Widely recognized in the world, Coke is a living example of appealing to feelings when creating new advertising campaigns. In 2016, the popular soft drink conducted a study involving the participation of several consumers, who had to view one of the brand’s advertisements. All this was done with the aim of detect and capture their emotions with each projected image and their reactions to seeing them.

By studying this entire series of behaviors, Coca-Cola was able to knowing exactly what kind of feelings it provoked in consumers in a more realistic and transparent way seeing all this promotional material of your brand.

El Canal del clima

The famous 24-hour television network dedicated to weather reporting, El Canal del clima, at the time introduced a analysis system based on neuromarketing with the aim of discovering what the real opinions of viewers are regarding the content they broadcast within their programming grid. Detecting that the majority of its audience were men, the television station decided to take matters into its own hands in order to attract the female audience.

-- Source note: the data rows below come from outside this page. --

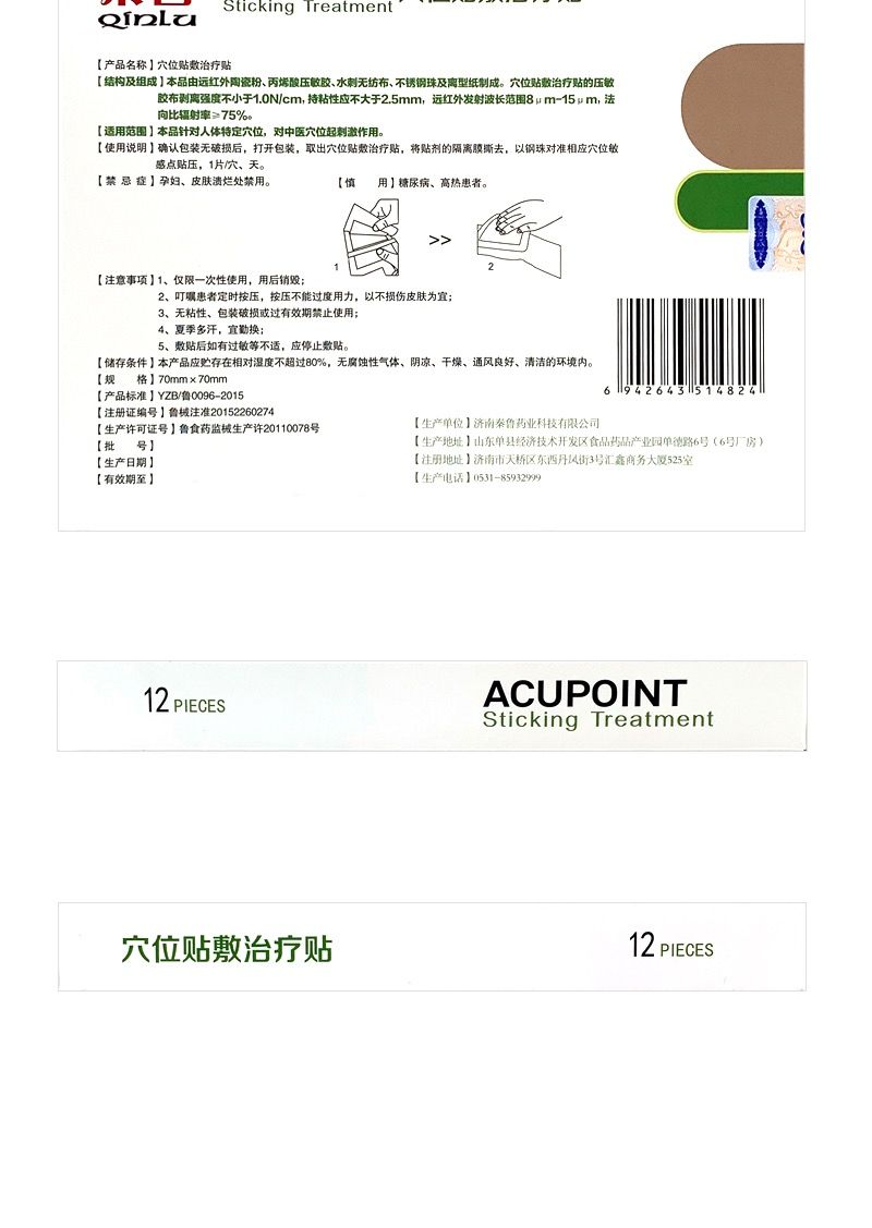 | 使用方法 | 1、清潔相應(yīng)穴位,先以拇指依次揉按相應(yīng)穴位,每穴1~2分鐘,范圍由小到大,力量由輕到重,探尋敏感點(diǎn)。2、確認(rèn)包裝無破損后,打開包裝,取出穴位貼敷治療貼,將貼劑的隔離膜撕去,以鋼珠對準(zhǔn)相應(yīng)穴位敏感點(diǎn)貼壓,1片/穴、天,每日適度按壓3~5次,每次3~5分鐘,1個(gè)療程為10天,療程間隔2~3天。 |
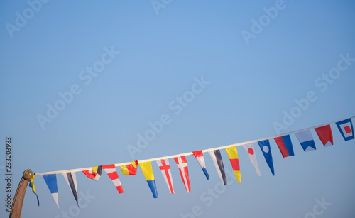 Different countries flags hangs on the ropes
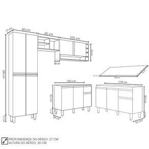 Conteúdo da Embalagem: 1 Balcão 120cm, 1 Balcão 105cm, 2 Armários Aéreos, 1 Paneleiro, 1 Tampo.
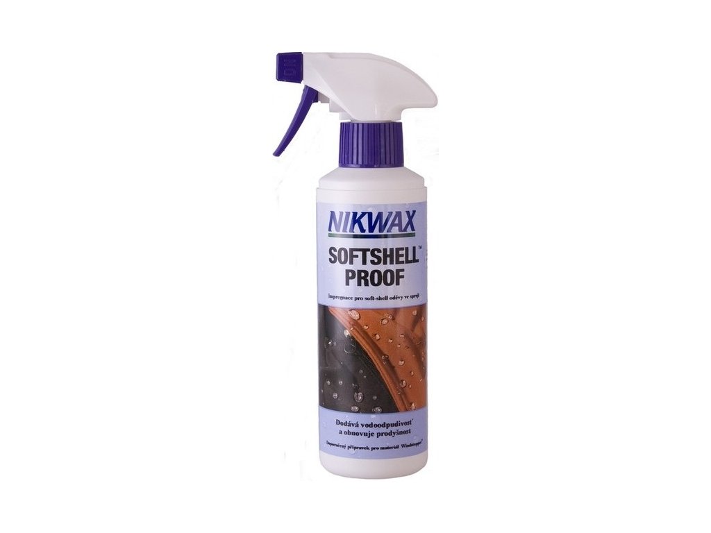 Impregnácia Nikwax Softshell Proof - Spray 300 ml vhodná pre pre všetky softshellové materiály a odevy s chlpatú podšívkou.
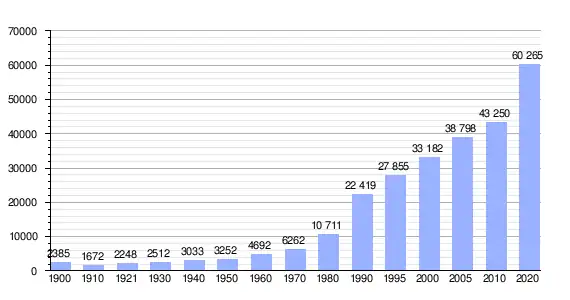 60 265 hab.[2] • 29 320 hombres • 30 945 mujeres | |
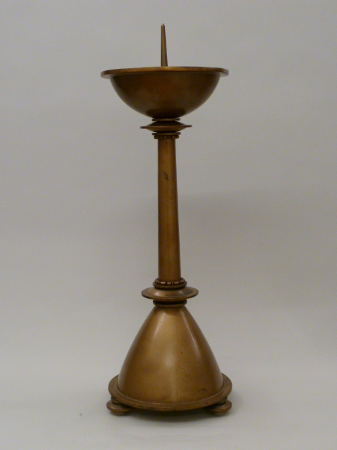 Altaarkandelaar op ronde voet waarbij de stam onder en boven wordt afgesloten door een bolle schijf
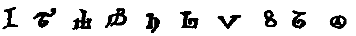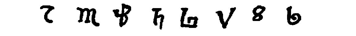 [590] The first is from an algorismus of the thirteenth century, in the Hannover Library. [See Gerhardt, "Ueber die Entstehung und Ausbreitung des dekadischen Zahlensystems," loc. cit., p. 28.] The second character is from a French algorismus, c. 1275. [Boncompagni Bulletino, Vol. XV, p. 51.] The third and the following sixteen characters are given by Cappelli, loc. cit., and are from manuscripts of the twelfth (1), thirteenth (2), fourteenth (7), fifteenth (3), sixteenth (1), seventeenth (2), and eighteenth (1) centuries, respectively.
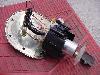 本体はリベットでガッツリ固定されてるので電動ドリルで外します。指で指してる箇所が曲がった部分。今回はモーターは大丈夫なので元のものを移植。グリスも塗ってあげましょう。

This is how The Weather Channel, based on a series of case studies within the brain of women, created several advertising campaigns promoting a healthier lifestyle, thus achieving a positive impact on the channel’s female audience.

Five Guys

Five Guys is a fast food chain, specialized in hamburgers and fries, originally from the United States and with a presence in countries such as the United Kingdom, Germany, Canada, France and Spain. In recent years, this fast food chain has applied neuromarketing to provide your customers with a more sensory experience when consuming their dishesdoing it in a very particular way: it gets into the mind of the consumer without him realizing it at the time.

They make this possible through various techniques. For example, invoking the power of free offers, in Five Guys they give away toppings to consumers without making the customer believe that they are saving money, but rather under the concept that they are enjoying a much more flexible consumption experience and comfortable for your satisfaction.